INFLECTION AND DERIVATION

            Inflection is a morphological process that modifies a word’s form in order to mark the grammatical subclass to which it belong. (e.g..sg. wolf---pl. wolves). Instead of creating a new word as derivation or compounding does, inflection modifies a word’s form in order to mark the grammatical subclass to which it belongs. In the case of English nouns, for instance, inflection marks the plural subclass by adding the affix –s.

Plural Inflection:       Singular           Plural

                                    Apple              [[apple]s]

                                    Car                  [[car]s]

                                    Dog                 [[dog[s]

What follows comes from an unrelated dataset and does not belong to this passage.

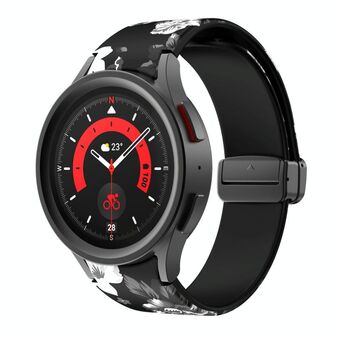 For Samsung Galaxy Watch5 Magnetic Printed Silicone Watch Band(Black and Grey Flower)

In the case of verb, on the other hand, inflection marks a distinction between past and non-past subclasses—usually by adding the suffix –ed to indicate the past tense.

Tense Inflection:        Present             Past

                                    Work               [[work]ed]

                                    Jump                [[jump]ed]

                                    Hunt                [[hunt]ed]

Because inflection applies after all other word formation rules, the plural affix can be added to the output of derivation and compounding as well as to a simple noun.

Inflection of derived  or compound nouns:

            Derived form  Compund

            [[worker] s]     [[football] s]   

            [[creation] s]    [[outlaw] s]

            [[kingdom] s]  [[blackboard] s]

Similarly, tense affixes can be attached to the output of derivation and compounding as well as to simple verb.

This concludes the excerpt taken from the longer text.